Table 2 compares the results of pulmonary function tests between two groups. As seen, pulmonary function indexes including VC, FVC, FEV1 in the exposed group was less than the unexposed group, but the differences for FVC and FEV1 indexes were statistically significant (P<0.05). Besides, FEV1/FVC mean in the unexposed group and the exposed group was almost the identical.

Table 2. Comparing respiratory functions of photocopy workers and the unexposed group .

Demographic characteristics Unexposed group (n=114) Exposed group (n=150) P value
Mean SD Mean SD
Vital Capacity(VC)% 85.64 9.21 83.21 11.51 0.065
Forced Vital Capacity(FVC) % 90.52 9.30 86.93 12.53 0.008
Forced expiratory volume in 1 second (FEV1) % 91.13 9.62 87.04 12.80 0.003
FEV1/FVC% 84.78 4.63 84.97 07.24 0.790

Comparison between the respiratory symptoms in both groups can be found in Table 3. The prevalence of all symptoms except asthma, were more common among photocopy and printing workers rather than the unexposed group, although the result of Chi-square test showed that only the prevalence of cough and wheezing in photocopy and printing workers was significantly more than the unexposed group (P<0.05) and other prevalence of symptoms between two groups was not significantly different.

Table 3. Adjusted and unadjusted OR (odds ratio) of respiratory symptoms of photocopy workers in comparison with unexposed group, on the basis of multiple logistic .

Respiratory signs/symptoms Unexposed
(n=114)
Exposed
(n=150)
Unadjusted OR
(95% CI)
P value Adjusted OR
(95% CI) a
P value
Cough
Absent 100 112 1.00 1.00
Present 14 38 2.33 (1.19, 2.55) 0.012 2.61 (1.21, 5.62) 0.016
Sputum
Absent 103 120 1.00 1.00
Present 11 30 1.52 (0.72, 3.23) 0.181 1.31 (0.93, 1.03) 0.741
Phlegmatic cough
Absent 101 119 1.00 1.00
Present 13 31 1.92 (0.95, 3.84) 0.069 2.05 (0.92, 4.63) 0.079
Wheezing
Absent 111 133 1.00 1.00
Present 3 17 4.18 (1.19, 14.6) 0.016 2.92 (1.25, 6.84) 0.013
Shortness of breath
Absent 93 120 1.00 1.00
Present 21 30 0.73 (0.38, 1.37) 0.321 1.32 (0.74, 2.36) 0.342
Press on chest
Absent 97 120 1.00 1.00
Present 17 30 1.40 (0.73, 2.68) 0.204 1.27 (0.60, 2.67) 0.520

a adjusted for age, work experience, smoking, BMI and marital status

Multiple logistic regression analysis was used as control for potential confounding variables including age, work experience, smoking, BMI (Body Mass Index) and marital status (Table 3). The prevalence of coughing and wheezing in photocopy and printing workers was still significantly more than that of the unexposed group. Cough and wheeze odd ratios after controlling for potential confounding variables in the exposed group were 2.61 (95% CI: 1.21, 5.62) and 2.92 (95% CI: 1.25, 6.84) times more than in the unexposed group, respectively.

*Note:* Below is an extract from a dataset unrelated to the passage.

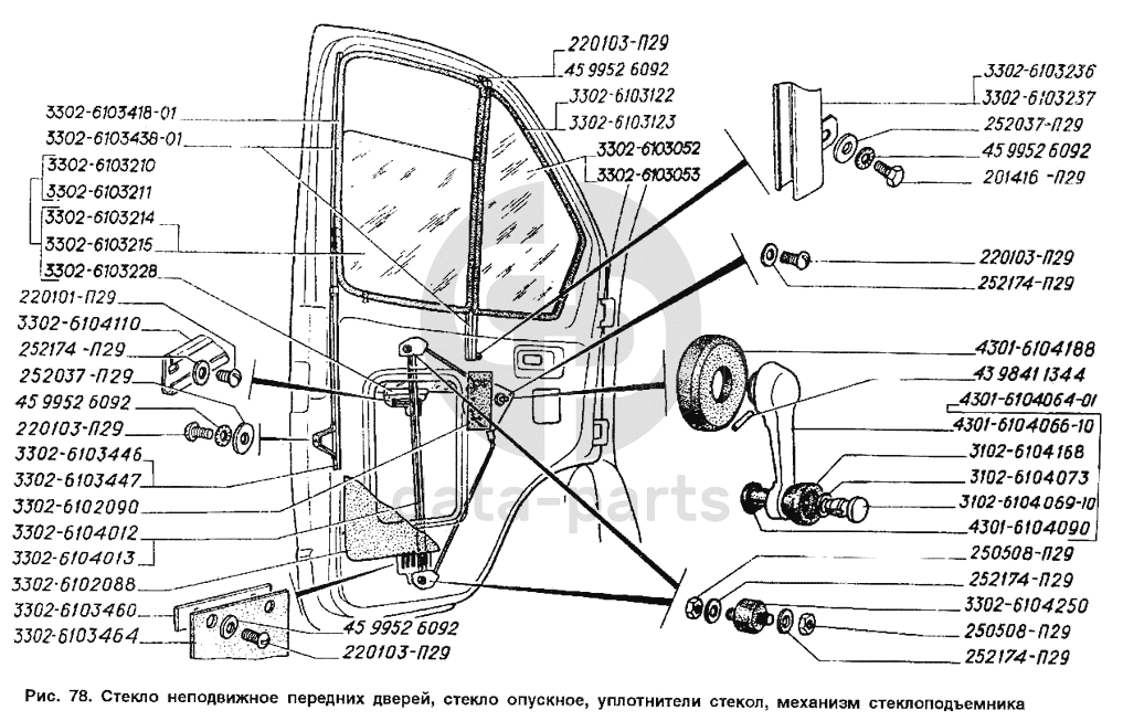 Стекло неподвижное передних дверей, стекло опускное, уплотнители стекол, механизм стеклоподъемника ГАЗ-2705 (ГАЗель)

Only 5% of photocopy and printing workers were using respiratory protection apparatus, 19% of them had experienced skin problems, 15% of them had passed occupational health and safety training courses and 11% of them had regular health check-ups.

Discussion

We aimed to evaluate the level of respiratory health among photocopy and printing workers. The percentage of workers whose FVC and FEV1 was less than normal (<80%) in exposed group was more than that of the unexposed group. In addition, spirometric results show a significant reduction in FVC and FEV1 in exposed group as compared to the unexposed group (Table 2).

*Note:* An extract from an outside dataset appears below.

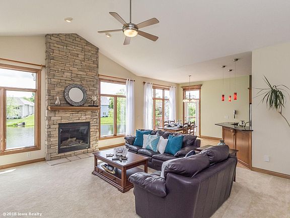 Looking for lake views from each window? This rare custom-built ranch home on Bristol Cove Lake is the perfect location Super spacious open floor plan in prime location on ½ acre lot. Great attention to detail throughout with over 2,370 s.f. on main floor, beautiful hardwood floors in entry and formal dining area and 10' ceilings. Inviting family room with fireplace. Great kitchen with granite, SS appliances and another dining area that leads out to deck and fabulous views of the lake. Spacious MBR suite walk-in closet and 2 other closets, dual vanities, jetted tub, and large shower with dual heads. Two additional BR's Jack-&-Jill bath, plus powder room and main level laundry room. The daylight basement is stubbed for bath, wet bar and fireplace. Framed for 2 bedrooms and family room. Radon mitigation system installed, irrigation system and wired for security system. Prime Location in Waukee Schools Move-in ready
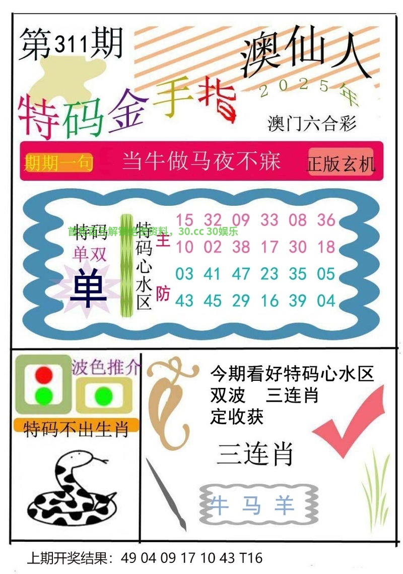 314期:七肖中特(兔牛狗猴虎鼠猪)开:羊23错

Lung capacity reduction indicated a pattern of pulmonary lesions in exposed group. Due to the same reduction in FVC and FEV1, the FEV1/FVC ratio did not show a significant difference and consequently there were no differences between the exposed and unexposed groups in this issue. These findings confirmed to another study5 which had described the more prevalent rate of respiratory symptoms among photocopy and printing workers, although there was no significant difference between the prevalence of respiratory symptoms in their study (28% in unexposed group and 30% in exposed group, respectively). Yang CY and Huang YC have conducted a relevant study with results not showing a considerable relationship with the photocopier emissions and increase in chronic respiratory symptoms7.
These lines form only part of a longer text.